## STORED DATA
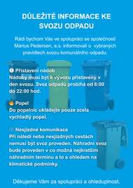 Z důvodu poruchy svozového vozidla proběhne svoz směsného odpadu zítra 1. 7. brzy ráno. Nechte prosím nádoby venku. Děkujeme
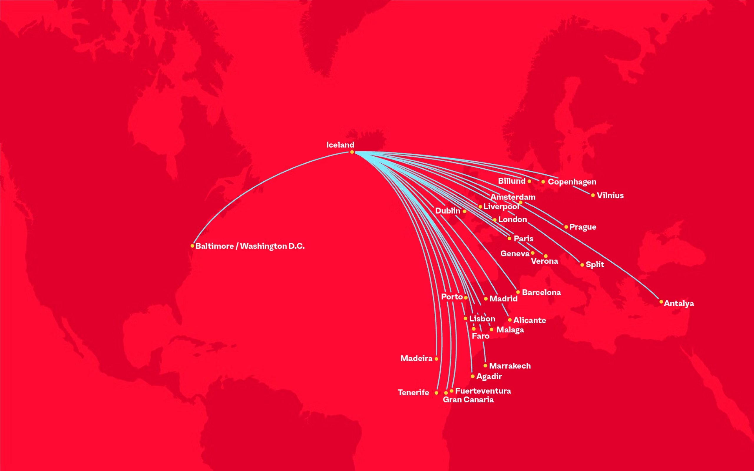 Les vols vers l'Amérique du Nord ont été progressivement supprimés, l'accent étant mis sur le transport des Islandais vers les destinations de vacances au bord de la mer, ainsi que sur les liaisons ayant le potentiel inverse, à savoir faire venir des touristes en Islande. Par exemple, les liaisons au départ de Prague PRG, Varsovie WAW, Londres STN, Vilnius VNO ou Paris CDG étaient très prisées.
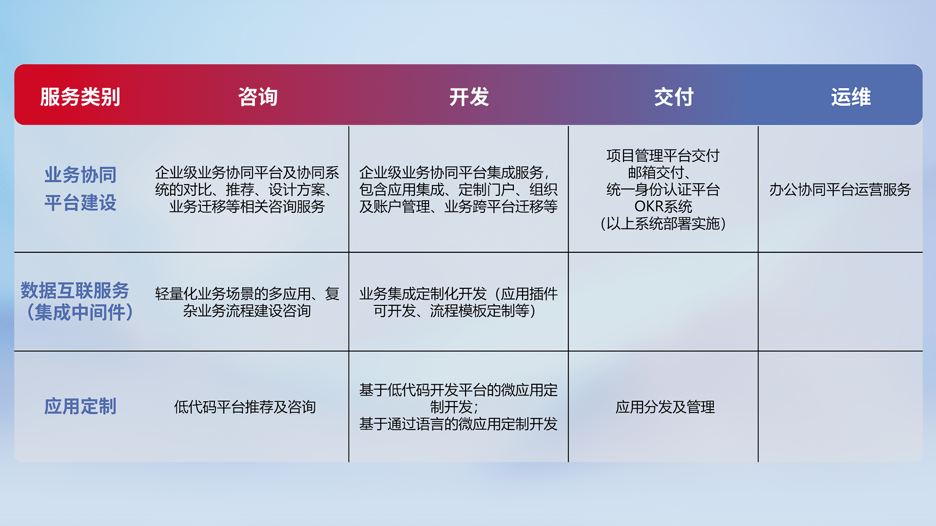 针对钉钉、、、、企微、、IDaas等平台级产品提供产品的规划、、、、方案、、、交付、、定制化开发等服务,,,,实现如统一协同办公、、智能客户服务、、、混合会议管理、、、智能数据查询、、、等业务场景,,,,实现数字化转型。。。。
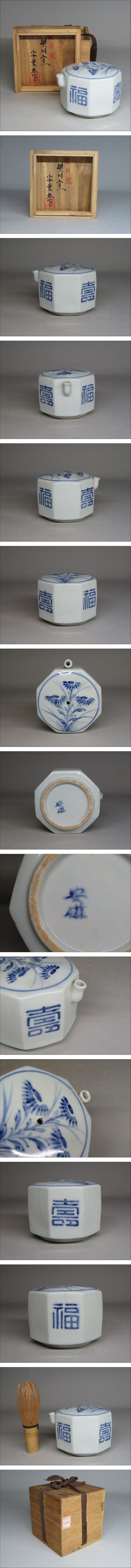 【李朝/高麗 特集出品】 焚川窯 「安東五」作 染付福寿草花紋水滴 韓国人間文化財 作家物 朝鮮美術 韓国 人間国宝 安東五 lot:20119 收藏

## TASK OBJECTIVE
Leave out the pictures, and write out exactly the lines from the one containing "针对钉钉、、、、企微、、ID" through the last line of the listing, both included.

## ANSWER BOX
 针对钉钉、、、、企微、、IDaas等平台级产品提供产品的规划、、、、方案、、、交付、、定制化开发等服务,,,,实现如统一协同办公、、智能客户服务、、、混合会议管理、、、智能数据查询、、、等业务场景,,,,实现数字化转型。。。。
 【李朝/高麗 特集出品】 焚川窯 「安東五」作 染付福寿草花紋水滴 韓国人間文化財 作家物 朝鮮美術 韓国 人間国宝 安東五 lot:20119 收藏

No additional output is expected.